Claude Sonnet 4.6's attempt at a patchwork elephant. The model has used coloured semi-circle shapes to add a stylised digital-illustration of a patchwork elephant
Claude Sonnet 4.6's attempt at a patchwork elephant. The model has used coloured semi-circle shapes to add a stylised digital-illustration of a patchwork elephant (click to open)

Then over the following 150 strokes, it starts to add fine-detail. VLMs are still poor at spatial reasoning, so strokes which would require fine-motor skills from a human are generally garbage from a VLM. At first, it adds a black squiggle, creating the outline of a haunted face. Then it adds a monkey with dozens of eyes, and a parrot whose body is entirely discontinuous.

The Sonnet 4.6 patchwork elephant is noticeably lower quality, with inconsistent scribbles, and nonsensical blobs representing a monkey & parrot
The Sonnet 4.6 patchwork elephant is noticeably lower quality, with inconsistent scribbles, and nonsensical blobs representing a monkey & parrot (click to open)

While this creates some funny results, I think it brings a visual metaphor to the previously inarticulable fragility I see in codebases & other language model produced artefacts. The models are competent when working on broad-strokes, but they struggle in iteratively applying fine-detail changes (especially near the frontier of their capabilities), where they can be more destructive than helpful.

In both the paintings & codebases, at any given iteration, the language model only sees a small snapshot of the project. It may have access to some hints from previous commits or strategy documents, but since it’s limited to achieving its goal within its context window, they rush towards implementing whatever solves the current problem.

I see this phenomenon a lot PRs for the applications I maintain & contribute to. Lots of good-quality code will go into a repository, but one poorly thought out feature or commit can derail quality across the entire application. Once a repository transitions beyond its fragile state into the broken structure, it’s incredibly difficult to recover it, and get it back to a maintainable state.
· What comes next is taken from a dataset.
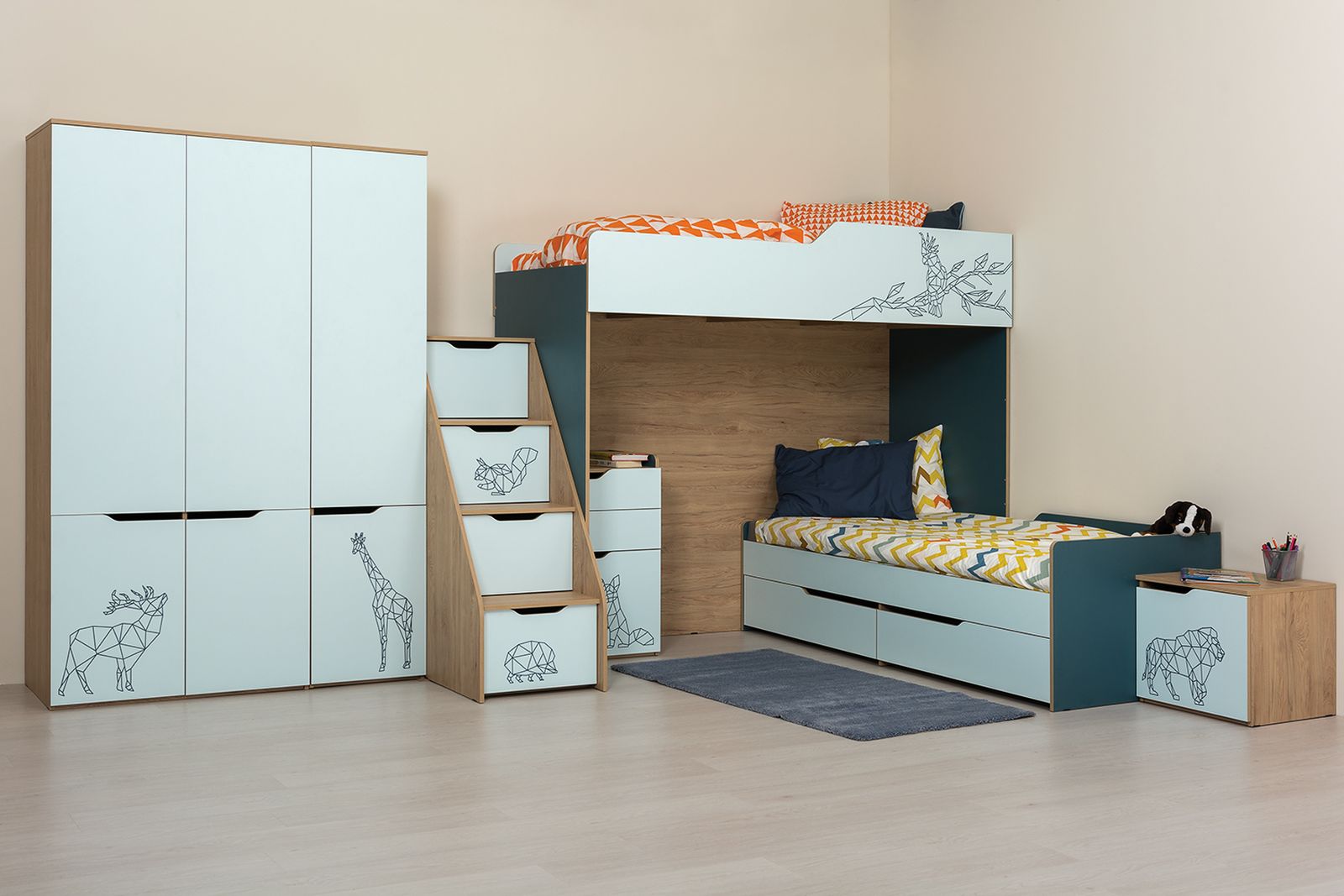 - тумба прикроватная Гудвин 13.77 - Ш508 х Г447 х В462 мм.Детская Гудвин (вариант 2) поможет со вкусом обустроить необычной уютную и стильную комнату для ребенка. Удобные спальные места позволят расслабиться, отдохнуть и набраться сил. Вместительный шкаф предназначен для хранения детского гардероба. Лестница сделает безопасным подъем и спуск со второго яруса, а выдвижные ящики под ступенями пригодятся для хранения множества игрушек и других важных вещей. За распашными дверьми шкафов находятся штанги для вешалок-плечиков с безупречно выглаженной одеждой, а полки предназначены для хранения одежды, постельного и нижнего белья, различных аксессуаров и коробок с обувью.

In most software projects, like in these generated images, new content is mostly additive. They can rarely be taken away or significantly re-architected after release.
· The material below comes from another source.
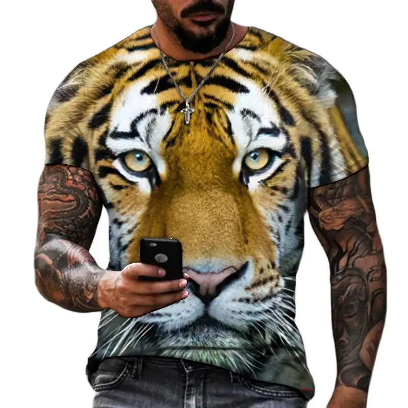 Новая мужская футболка с 3D-принтом тигра и животного, летняя мужск...

Having said that, I do think that this fragility, and the visualisations of it on liamlaverty.com/paint-by-language-model might count as a form of art according to Tolstoy’s What is Art. Watching the VLM struggle to produce a Pelican riding a bicycle is visually interesting; it’s accessible; and it’s certainly not high art.

An LLM generated painting of a pelican riding a bicycle

Personally, I can project meaning onto it, that struggle of conservation over progress is a universal phenomenon. I don’t think that these pieces bring the sincerity I was looking for though. Everything in the gallery still feels like a soulless derivative digital illustration, rather than an art piece. Maybe it’s just my prompts? The results I was able to produce remind me of Anthropic’s cleanroom implementation of a C compiler. The result is kind of directionally correct, but not what I was looking for.
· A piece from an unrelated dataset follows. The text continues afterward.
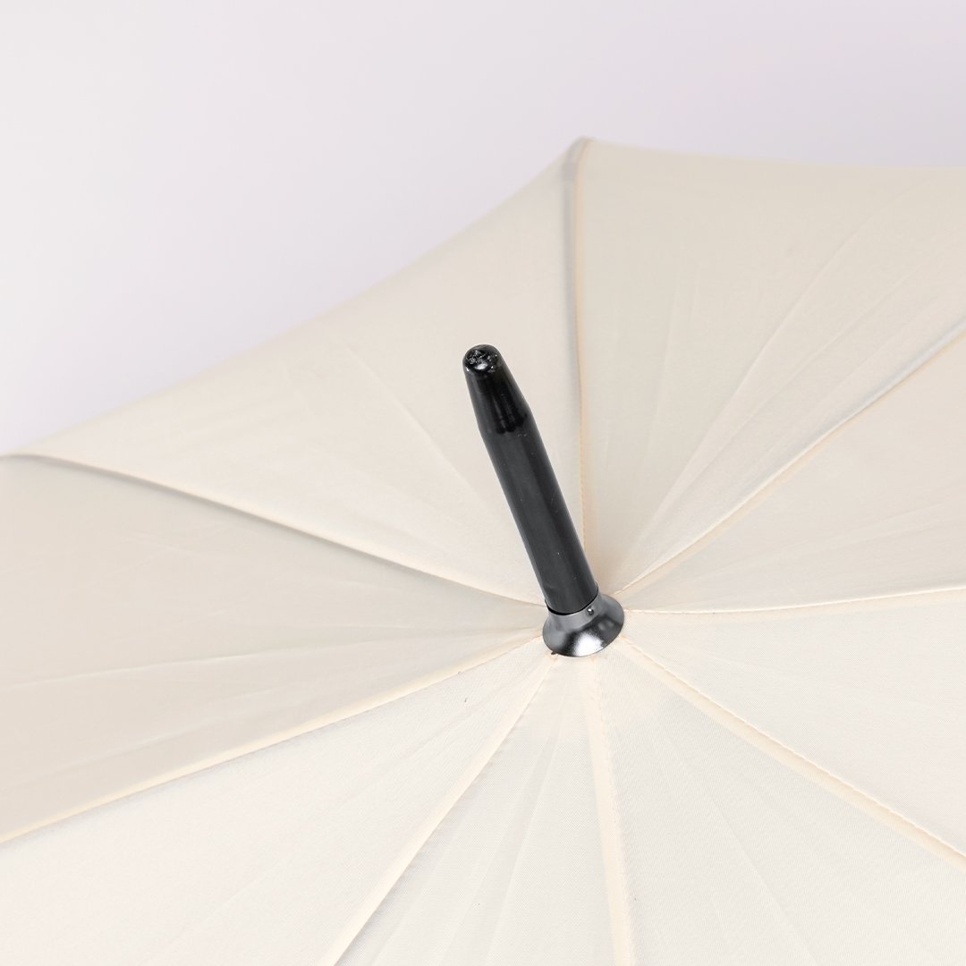 Parapluie à 8 panneaux et 120 cm de diamètre, en matériau pongé 190T résistant avec une finition naturelle. Ouverture automatique et mécanisme anti-vent. Avec tiges en fibre noire, manche en bois et sangle avec fermeture velcro.

Feel free to point your language model at the drawing canvas, and let me know if you get better results: https://www.liamlaverty.com/paint-by-language-model/draw

Footnotes

[1] It’s fairly ironic that Tolstoy wrote this treatise, given that he also wrote War and Peace - an artwork which nobody has ever described as “accessible” - but he acknowledges this irony, describing War and Peace as “Bad Art”.